The character has been criticized for his perceived simplistic playability. MTV.com nicknamed him "Eddy 'Button-Masher's Savior' Gordo." Luke McKinney of GameSpy lambasted Eddy as "the worst thing to happen to fighting gamers since repetitive strain injury" and likened him to "Jar Jar Binks, a floppy-limbed aberration staining a beloved classic." Dave Cook of NowGamer rated Eddy among his "10 most hated game characters ever" at tenth in 2010: "Eddy shouldn't even have a command list, just pictures of both kick buttons, because if you hammer both endlessly, you will win every round." Pete Dreyer of RedBull.com included Eddy in his selection of the "10 Cheapest Fighting Game Characters of All Time" for similar reasons in 2016: "Just start mashing those kick buttons until his legs start capoeira-ing all over the place and rake in the glory." In his 2014 article "In Defense of Button Mashing", Kevin Wong of Kotaku explained his success at Tekken 3 with Eddy after having struggled playing as other characters: "I won't gild the lily by claiming any sort of thought out strategy. It was definitely button mashing, but I had never had so much fun."

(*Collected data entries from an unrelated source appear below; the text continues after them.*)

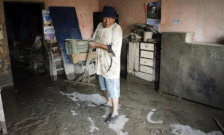 Recuperación. A pesar de su avanzada edad y los estragos de una operación a la que fue sometido, don Felipe se levanta todos los días a las 6.00 de la mañana para retirar el barro y desmonte que invadió su vivienda, ubicada en la avenida Olivar 150, y provocó que lo perdiera casi todo. Solo su esposa, doña Judith Cristóbal Robles, le da fuerzas para continuar recordándole que “lo importante es que están con vida”.
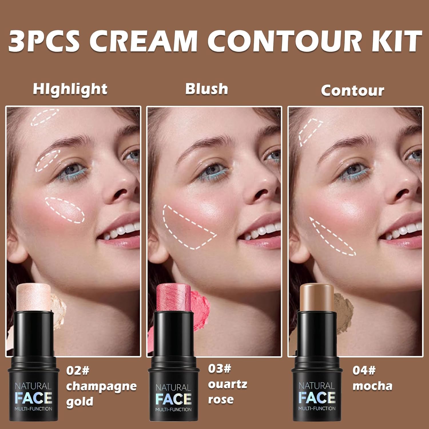 【Lightweight & Moisturizing】Texture of the cream contour stick is light and non-sticky.It has a light and smooth makeup feel,is gentle and comfortable,and is suitable for all skin types.Contains hydrating ingredients to nourish skin for a healthy,radiant complexion.
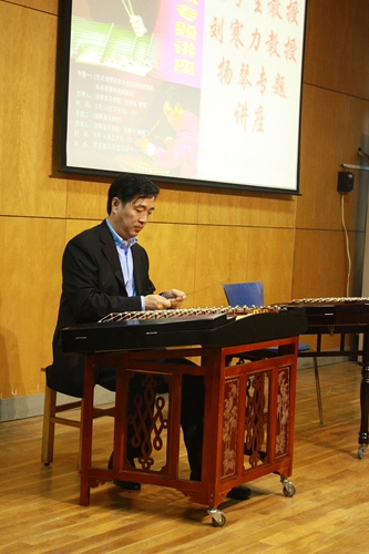 张学生教授讲座的专题是“东北扬琴在东北地区的传统继承,科学发展与未来展望。”他讲诉了东北扬琴的起源,传人,和代表曲目,又对目前东北扬琴发展创新的情况作了介绍,播放了录像,如电扬琴还有锣鼓扬琴等。张学生老师自己发明的双琴竹头演奏工具,特别是双竹头“活动式”这一款式,倍受大家的关注。刘寒力教授讲座的专题是“扬琴音乐创作”就他多年来创作扬琴曲的体会,谈了几点经验,并现场演奏了他创作的曲目。受到了扬琴师生的欢迎。讲座现场,师生交流互动,气氛十分热烈。
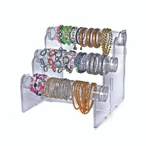 This three-tier acrylic bracelet display is the perfect jewelry holder for your accessories. These jewelry displays are ideal for keeping your bracelets organized and your dresser clutter free. Place in your bedroom, bathroom, closet or make up counter. If you are looking for a great way to display your accessories in a neat and organized way, this triple tier acrylic jewelry holder is just for you! Sold in Multiples of: 1 Material: Acrylic Overall Size: 12W x 10.5D x 11H Bar Size: 12W x 2 Dia Color: Clear
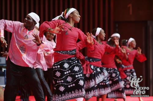 仪式上,来自喀麦隆的演员们身穿各种民族服装,为现场观众带来了喀麦隆各民族各地区不同的舞蹈表演,博得了现场观众的阵阵掌声。
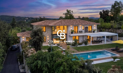 Located in Roquefort-les-Pins, in a highly sought-after residential setting and enjoying a dominant position at the end of a cul-de-sac, this exceptional property offers open views over the surrounding countryside, in absolute tranquility while remaining within immediate proximity to the village centre and its amenities. This newly built contemporary villa of approximately 323 sqm captivates with its generous volumes and remarkable natural light. The ground floor reveals a spectacular reception area of around 120 sqm, comprising a spacious living room, dining area, and a sleek open-plan kitchen, all extended by large pocket sliding glass doors seamlessly opening onto the outdoor terraces. A back kitchen/laundry room completes this space. An elegant ground-floor master suite with walk-in dressing, bathroom, shower, and toilet ensures absolute comfort. Upstairs, five en-suite bedrooms each benefit from their own shower room, guaranteeing privacy and refinement. A vast additional room with kitchenette and toilet can be arranged according to your needs as an extra bedroom, games room, office, or versatile living space. Set on approximately 3,115 sqm of landscaped grounds, the property boasts high-end outdoor amenities, including an infinity pool with open views, a fully equipped pool house (shower and toilet), a convivial fire pit area, and a pétanque court. Designed for an exclusive lifestyle, the villa also features a wellness area with gym, sauna and spa, a game room, a closed garage and numerous parking places. A rare property combining contemporary elegance, premium features, and a privileged living environment.
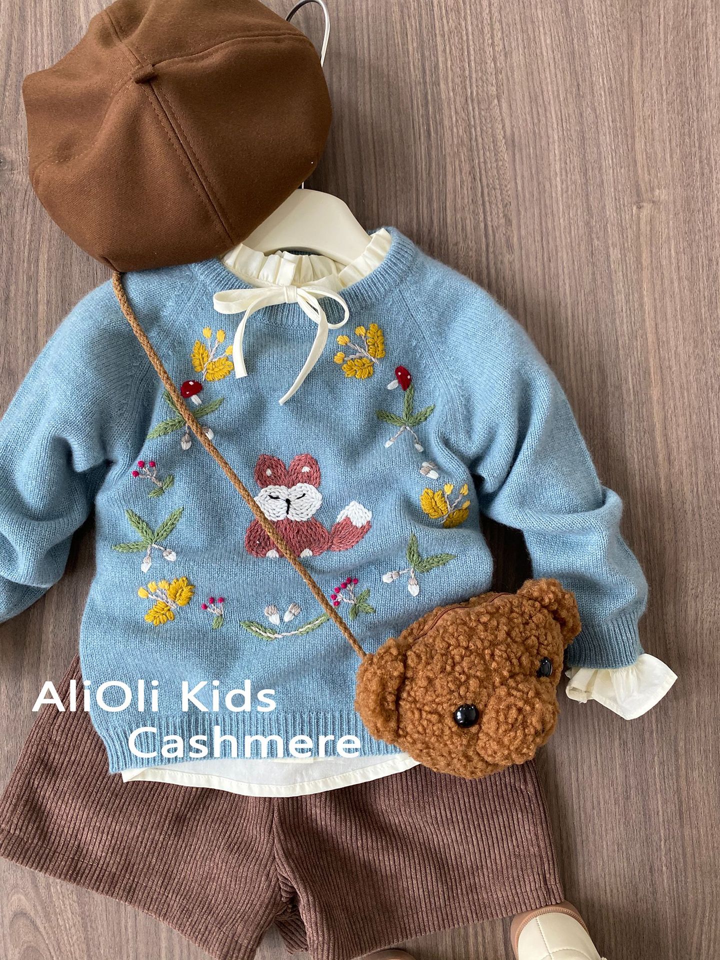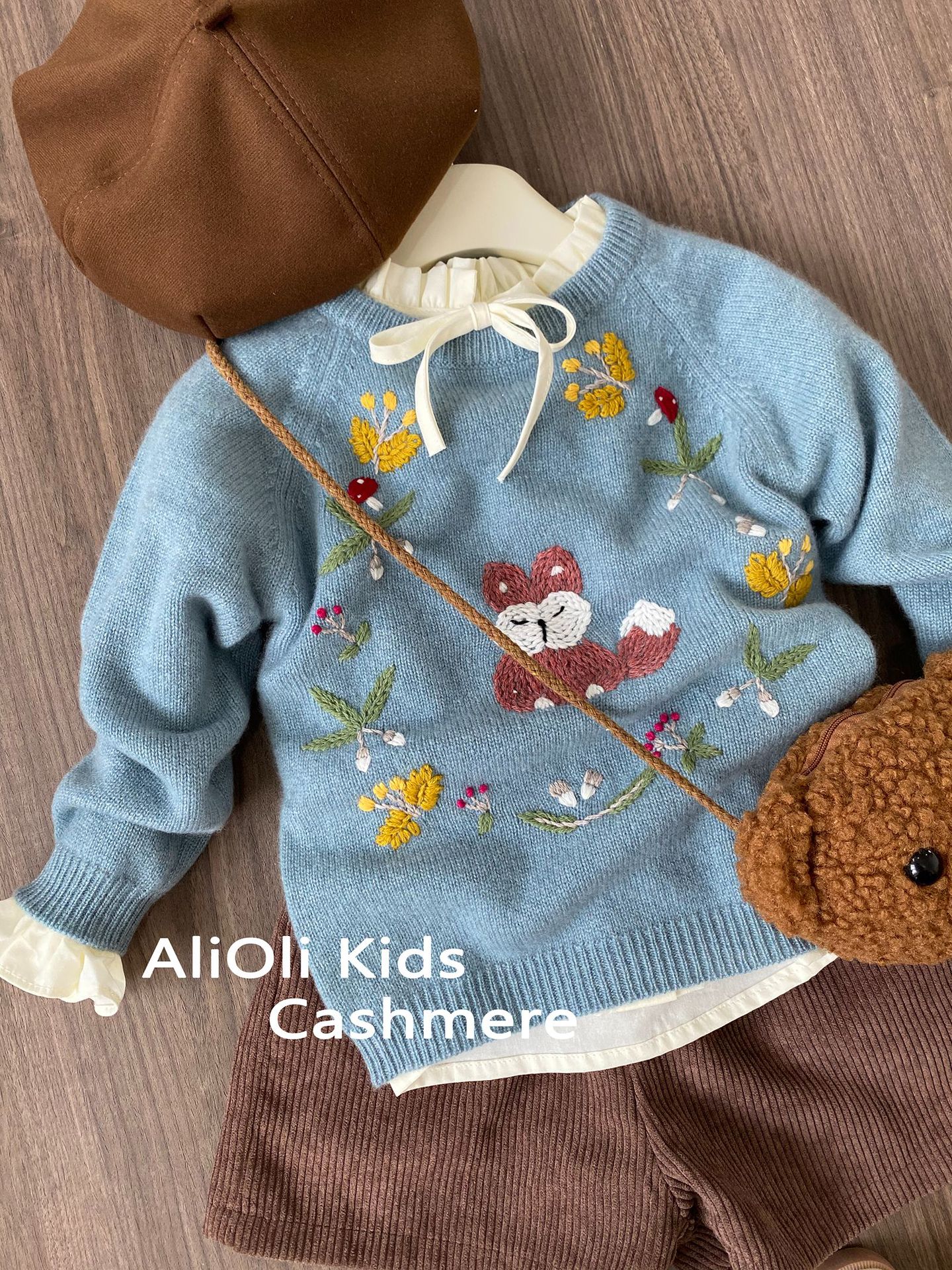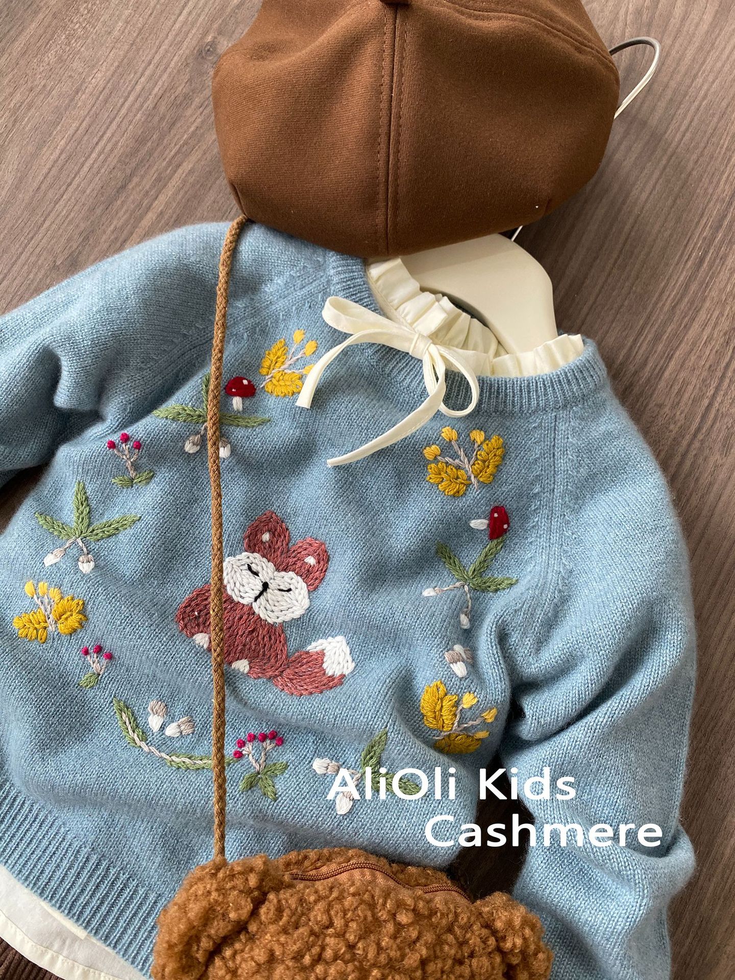 내몽골 Pengbo 캐시미어 어린이 캐시미어 크루 넥 카디건 두꺼운 수제 자수 딸기 우아한 스웨터
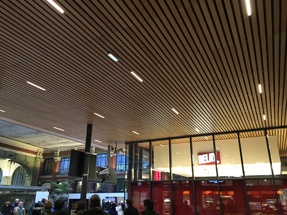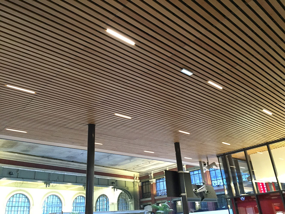 Der Bahnhof Lille-Flandres ist ein Kopfbahnhof der SNCF in der nordfranzösischen Stadt Lille. Im Zuge der Sanierung des Bahnhofs wurde im Bereich des Zugang zu den Bahngleisen eine neue Beleuchtung installiert. Insgesamt 109 Leuchten der XOOLUM™ R HYDRA LD25 in W830 wurden in die neu geschaffene Holzdecke integriert. Die Leuchten sind ca. 50 cm lang und setzen daher ansprechende dekorative Akzente. Aus funktionaler Sicht ist durch die verwendete hochwertige Reflektor-Optik und das starke LED-Band eine optimale Allgemeinbeleuchtung garantiert.
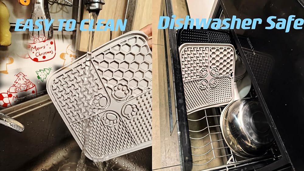 🐶🐱【Food-grade & Dishwasher safe slow feeding mat】Our Slow Feeder Licking Mat is made from 100% BPA Free, Non-Toxic, Food Grade silicone. This pet mat is safe for the health of your beloved friend. It's also freezer safe, easy to clean, and dishwasher safe.
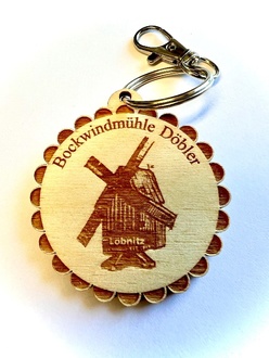 Suchen Sie nach einer kleinen Erinnerung, einem besonderen Geschenk oder einem Mitbringsel aus Löbnitz? Unser handgefertigter Schlüsselanhänger aus Holz zeigt die Löbnitzer „Bockwindmühle Döbler“ – ein echtes Highlight für alle, die die Region lieben oder einfach ein schönes Andenken suchen.
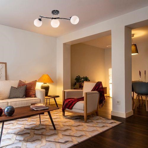 Szklane mleczno-białe klosze zapewnią efektowne rozświetlenie pomieszczenia tworząc przyjemną atmosferę do prac domowych, relaksu czy też spotkań towarzyskich
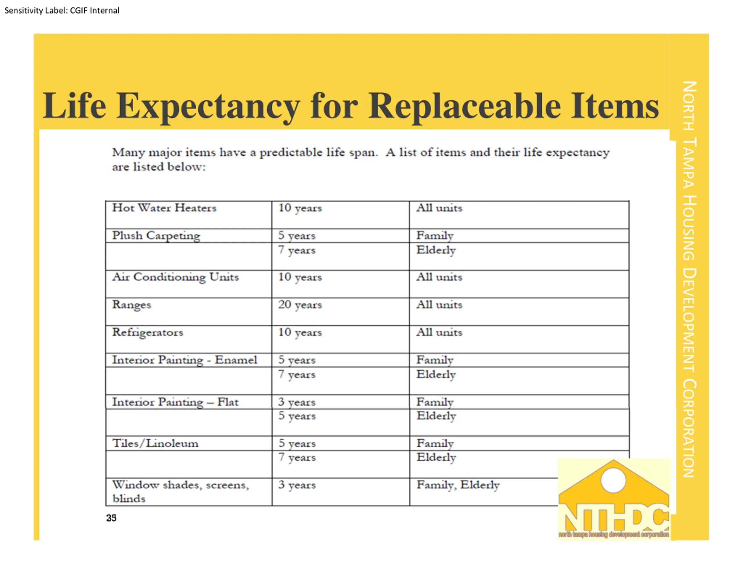 Sensitivity Label: CGIF Internal NORTH TAMPA HOUSING DEVELOPMENT CORPORATION Life Expectancy for Replaceable Items 35
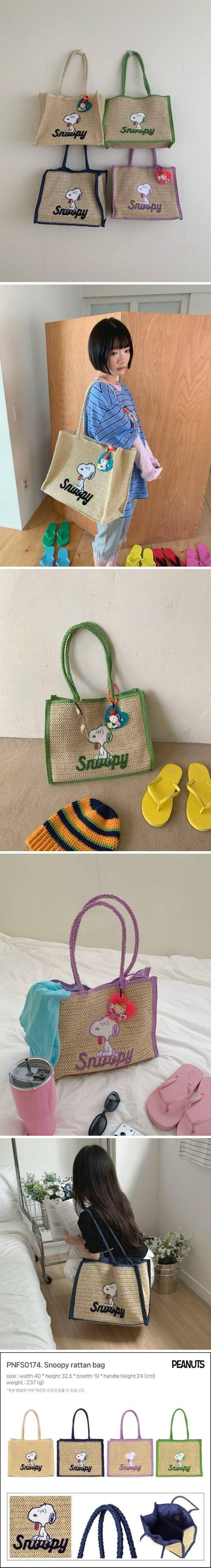 Le-junev新款PEANUTS 史努比草編滾邊包包4色 韓國飾品 韓國耳環 耳環 髮飾 大腸圈 腸圈 手鍊 戒指 純銀飾品 珍珠耳環 三麗鷗代購 飾品店
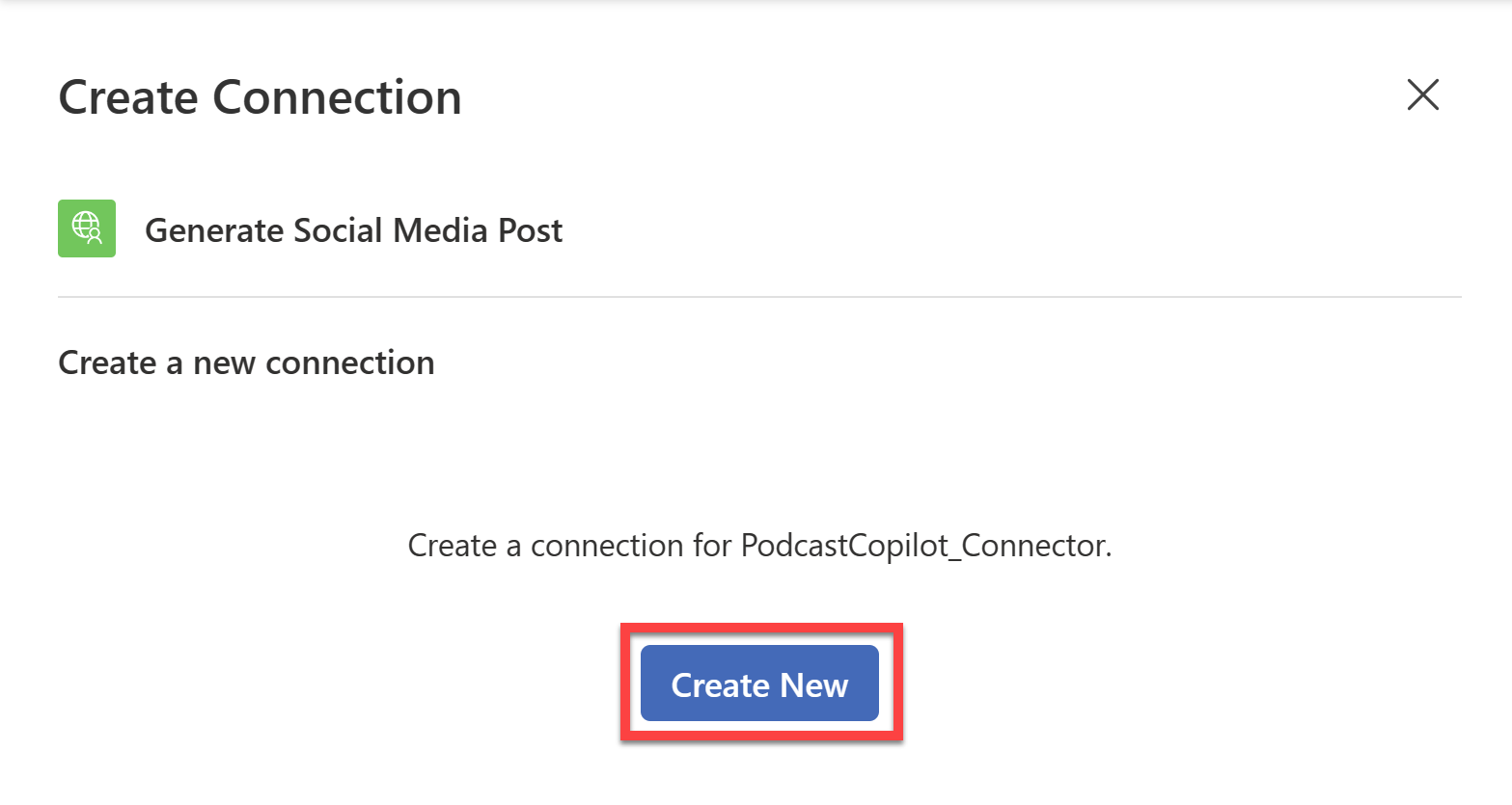 Creare una connessione a PodcastCopilot_Connector selezionando Crea nuovo.
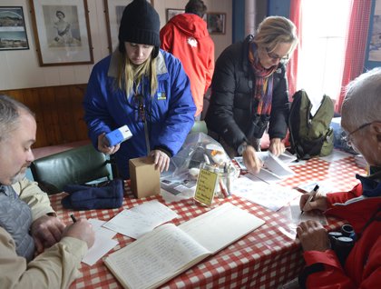 The night was spent quietly at anchor just off Port Lockroy, our first destination of the day. After breakfast we attend a short briefing on the history of Base A. The presentation was conducted by one of the ladies who now work at the old base, which has been restored by the British Antarctic Heritage Trust and today functions as a museum, post office and shop. The base was originally set up in 1944 as “Operation Tabarin” before becoming a scientific base shortly after the end of the Second World War. It was closed in 1962. The visit to this historic site is much enjoyed and quite a lot of purchases are made to support the trust as well as a lot of postcard writing.
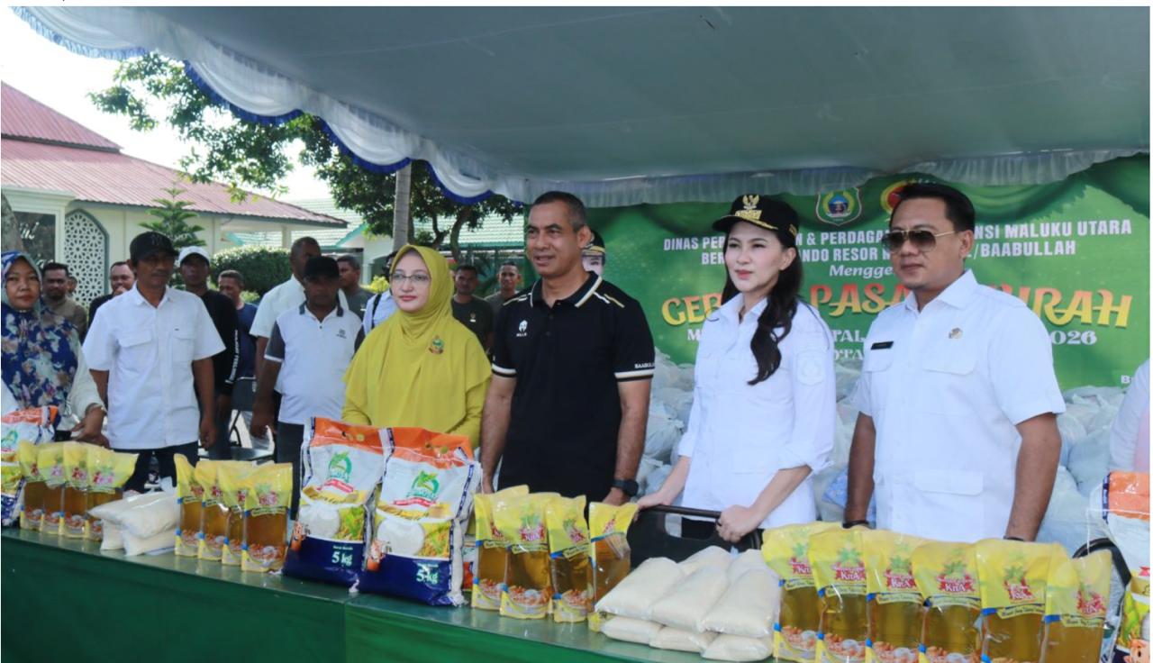 Dinas Perindustrian dan Perdagangan (Disperindag) Provinsi Maluku Utara menegaskan komitmennya menjaga keterjangkauan harga kebutuhan pokok melalui kegiatan pasar murah yang digelar bersama Korem 152/Baabullah di Lapangan Makorem 152/Baabullah, pada 17 Desember 2025.

Eddy's hairstyle in Tekken 8 has received some controversy as being "so overused in recent works of fiction in what has become a reductive trope for men of color in the industry." Inverse felt that Eddy's and Heihachi's absence of the initial game was felt until the trailer that promoted them. Vandal commented that Eddy's new design divided the fanbase due to his new haircut as it came across as a generic character and come across as similar to actor Michael B. Jordan. However, the fact that he retains his classic look as an alternative resulted in a comment from Vandal as a positive for the one wanting such take. VG427 lamented that early trailers did not show Eddy's gameplay but they enjoyed the motion capture given to the character's model as it helped to further detail his fighting style as well as facial expressions. Destructoid noted that Eddy was a fan-favorite since his introduction due to how he continues having a role in the story and is still playable alongside Christie uses a similar fighting style, making his return in Tekken 8 welcome. In retrospect, PCGamer called Eddy as easy for newcomers as "The guy your pal who's never touched a fighting game picks and mashes their way to victory with." and that Eddy keeps being as easy to play as in previous installments which attracted criticism from players in Reddit who claimed Eddy continues being easy to use in Tekken 8 against skilled players.

===Cultural impact===
In a 2009 interview, professional wrestler Kofi Kingston stated that "guys like Eddy Gordo are very unique characters. When he was introduced into the Tekken series he was the guy everybody was talking about. People knew about Capoeira but they didn't really know what it was all about as far as moves and stuff." He also stated, "I watch a character like Eddy Gordo in 'Tekken' and his capoeira style, and its characters like that that I like to take from because of how they stand out." Fellow pro wrestler MVP called Eddy Gordo one of his favorite video game characters, and attributed his "Malicious Intent" in-ring move to the character, calling it "a variation of one of his spinning kicks." On the track "Struck By a Vehicle" from his 2005 album Retaliation, Dane Cook joked that someone being struck by a car "sends you flipping through the air like Eddy Gordo from Tekken when someone doesn't know how to do combos and they're just hitting the buttons randomly."